Tensorflow on RTX 3000 series (RTX 3070, RTX 3080, RTX 3090)
빌드 환경 (Build environment)
OS: Windows 10 Education (Build 19042.608)
Architecture: x86_64 (amd64)
Git branch: v2.4.0-rc0
Python: 3.7 (anaconda)
Target CUDA and CUDNN: CUDA 11.1 Update 1, CUDNN v8.0.5 (Novemvber 9th, 2020) (requires login)
Target arch: CC 8.6, 6.1 → Must be also usable on GTX 1000 series!
Numpy: 1.19.4 (Must be manually reinstalled back to version 1.19.3 before using!)
사용법 (Usage)
- Requirements: CUDA 11.1 Update 1, CUDNN v8.0.5 (Novemvber 9th, 2020) (requires login)
- Download tensorflow-2.4.0rc0-cp37-cp37m-win_amd64.whl
- Install within CMD or Powershell cmdline (where pip3 is available)
- Install tensorflow :
pip install tensorflow-2.4.0rc0-cp37-cp37m-win_amd64.whl
- (Optional) Install additional requirements
- (Required) Roll back numpy version to 1.19.3:
pip install numpy==1.19.3
- (Maybe optional) cupti library filename mismatch – add “C:\Program Files\NVIDIA GPU Computing Toolkit\CUDA\v11.1\extras\CUPTI\lib64” to PATH and copy “cupti64_2020.2.1.dll” to “cupti64.dll” or “cupti.dll”.
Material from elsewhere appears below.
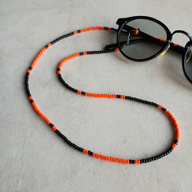 グラスコード 3wayグラスコード 置き忘れ防止!失くさない! メガネストラップとしてだけでなく、マスクストラップやネックレスとしてもお使いいただける多機能なグラスコードです。 ビーズを一粒ずつ丁寧に組み合わせ、模様を作ります。 視覚的にも楽しめるデザインです。 3wayの使い方 メガネストラップ: メガネのフレームにしっかりと装着でき、落下を防ぎます。 マスクストラップ: メガネ留めを外すことで、マスクの紛失防止にも役立ちます。 ネックレス: ネックレスとしてもご使用いただけます。 ビーズのグラスコードは、実用性とファッション性を兼ね備えたアイテムです。 多機能でありながら、見た目にもこだわったアクセサリー。ぜひお試しください♪ 太さ3mmのグラスコードです。 全長: 約70cm(メガネ留め含む) ビーズ: ガラス(日本製) ベースカラー: ブラック/オレンジ 繊細な商品の為、お取扱い・保管について充分にご注意ください。 無理な力は加えないようにお願い致します。 また、1点ずつ手作業で製作しておりますので若干の個体差が出る場合がございます。 作品は出来るだけ現物と同じになるよう撮影しておりますが、若干色味が違う場合もございます。PCディスプレイの性質上、実際の色と異なって見える場合がございますので予めご了承ください。 #アメカジ #ファッション #男女兼用 ビーズ/ガラスビーズ/国産ビーズ/グラスコード/メガネストラップ/メガネチェーン/便利/メガネがなくならない/なくさない/置き忘れ防止/マスクストラップ/ネックレス/カジュアル/デイリー/3way/ユニセックス

제한 사항 (Restriction, To-Dos)
- Higher GPU usage might be restricted – use those code to resolve SOME of those problems:
# Memory Pre-configuration
config = tf.compat.v1.ConfigProto(
gpu_options=tf.compat.v1.GPUOptions(
per_process_gpu_memory_fraction=0.8,
allow_growth = True
)
# device_count = {'GPU': 1}
)
session = tf.compat.v1.Session(config=config)
tf.compat.v1.keras.backend.set_session(session)
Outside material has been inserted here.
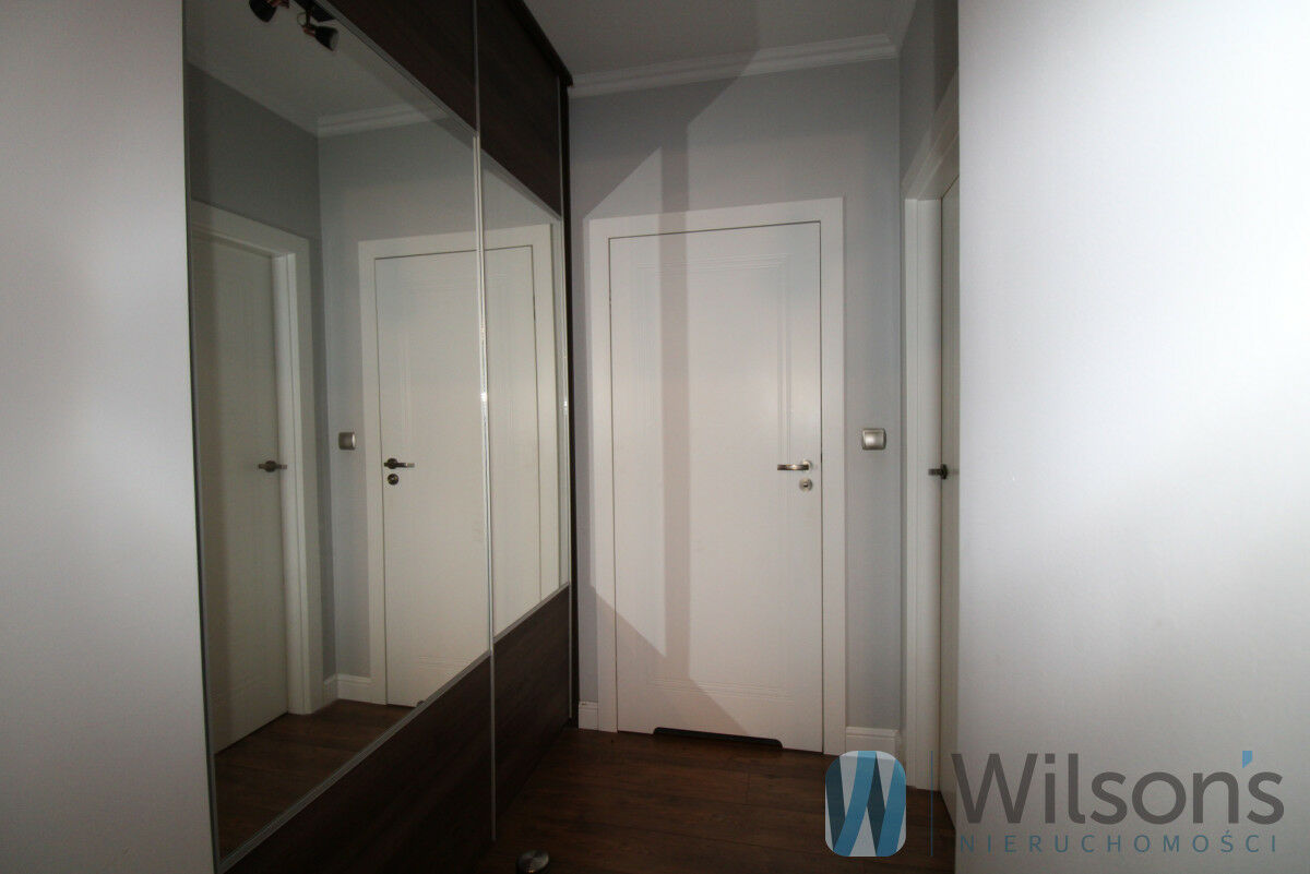 -przedpokój z dużą, zabudowaną szafą z lustrzanymi frontami

- Closing application while tensorflow library loads always failes – might be a buggy codes?
- another unknown restriction would exist – this is a test build for my own use, so use with care! I will edit this article when tensorflow officially supports RTX3000 series (or tested).